The second Newton’s law: F_net = m∙a

The properties of a right triangle:

a² + b² = c²

a/c = sin (α)

b/c = cos (α)

c a/b = tan (α)

┐ α (

Weight = mass∙g (g = 9.8 m/s²)

The reasoning

As usual, first, let’s analyze the text of the problem.

What objects do we have? What bodies do we have in this situation? An inclined plain, a block, a pulley, a cord, one more block. And do not forget about such an important object as Earth. We are talking about a real situation.

What kind of characteristics, parameters, properties can we assign to each of these objects?

The blocks have a mass. Let’s take a capital letter M for the mass of the first block, and m notates the mass of the second one. Let’s l is the length of the plain, h is the height.

What can we say about the cord and the pulley? As usual, we assume that the cord dose not has any mass, the length of the cord is fixed and there is no any friction between the cord and the pulley.

After considering the objects, we go over to physics processes.

What kind of processes can we describe in this situation?

We know already, there are three the most common physics processes: a motion, an interaction and a transformation.

Let’s talk about motion first.

There should be a motion in this situation. It is possible the system is in equilibrium. But, we have some key words like “the distance” or “pass in 2 s”. These words describe motion. They mean that the position of the blocks is changing during a time. The changing of the position is motion.

What type of motion should we consider for this problem? What type of motion do we have?

Remember, we have 4 basic types of motion (take a look on the page I gave you). What type of the motion do we have to use for our system? We can definitely eliminate the circular motion and the projectile motion. Now, the bodies start the motion from rest. It means, the speed of the blocks is changing from 0 to some non-0 number, the speed is no constant. So, we should eliminate LMCV.

The only motion we can use is LMCA, a linier motion with a constant acceleration. Let’s fix it on the board. OK. Now.

What can we say about interactions? We have a lot of interactions over here.

Usually, every interaction produces at least one force.

First, it is obviously; Earth is acting on the blocks. The result of this acting is the weight. So, the first block has the weight, let’s use the capital W for it, and the second block has the weight w.

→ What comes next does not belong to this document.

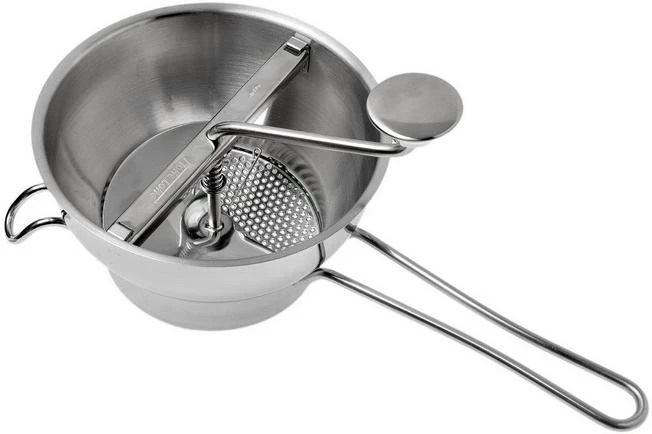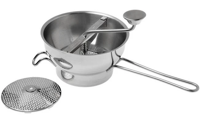 Con un passe-vite, también llamado pasapurés, puedes moler y triturar alimentos semiduros. En un momento puedes hacer mermelada, compota, salsa, sopa y puré. La Flotte Lotte de Gefu viene con diferentes discos para procesar frutas y verduras de muchas maneras diferentes. Además, se incluye un disco rallador de 2 mm que puedes utilizar para rallar puerros, espárragos y otras verduras. Además, este práctico aparato viene con un disco de 3 mm para hacer puré de verduras y frutas y convertirlas en compotas. Una rasqueta gira en el bol y evita la acumulación de alimentos en los lados. De este modo, el producto en el passe-vite se pica uniformemente. El bol de 2 litros es de acero inoxidable y todas las piezas pueden limpiarse después a mano o en el lavavajillas.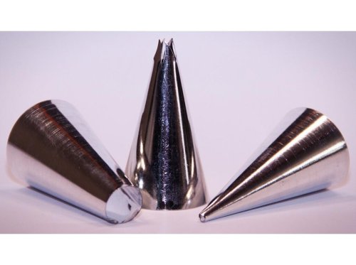 Balení obsahuje 3 ks zdobicích špiček. Ideální pomocník pro zdobení dortů a dezertů. Špičky se také hodí k pečení a plnění zákusků a cukroví. Vyrobeno z pocínovaného plechu. Připraveno k použití s bavlněným cukrářským sáčkem. Sáček není součástí balení.

Are there some other interactions? Yes there are. There is an interaction between the block and the cord. It means, there is a force, which is exerted by the cord and acting on the block. Let’s use capital T for this force. There is one more interaction between this block and the cord. We have the force; let mark it with the letter P, which is acting from the cord on the block.

Do not forget; any force is a vector, it has a direction.

Talking about the cord, we have to recall, this is a special cord, with no mass, with fixed length, without any friction. That cord has the same magnitude of a tension at any point. It means, the forces T and P have the same magnitude. T = P.

In the end, we have two more bodies, which are interacting. The block and the plain. This interaction leads to a pair of forces. The first one is the normal force N, which is keeping the block on the surface. A normal force works against a weight, it is directing perpendicularly to the surface.

The last force is a friction force. This force is produced by the surface, but its direction is parallel to the surface. A friction force is a most mystic force among all the named. First, we should recall that there are two kinds of friction forces; the static friction force and the kinetic friction force.

Second, it is not obviously some time how to find the direction of a friction force. For example, the direction of the kinetic friction force has to be opposite to the velocity of the body. But, the problem is; we do not know in what direction the bodies will be moving, when we let them go. More ever, if the static friction were big enough, there would be no any motion.

So. There is a friction force, F. But, the direction of this force is still an enigma. We cannot begin solving our problem without solving this enigma. Hence, the first step of the solution is finding the direction of the friction force.

Any ideas?

Let’s say, we do not have any friction at all in the system. Can we find the velocity of the blocks for the frictionless system? Yes, we can.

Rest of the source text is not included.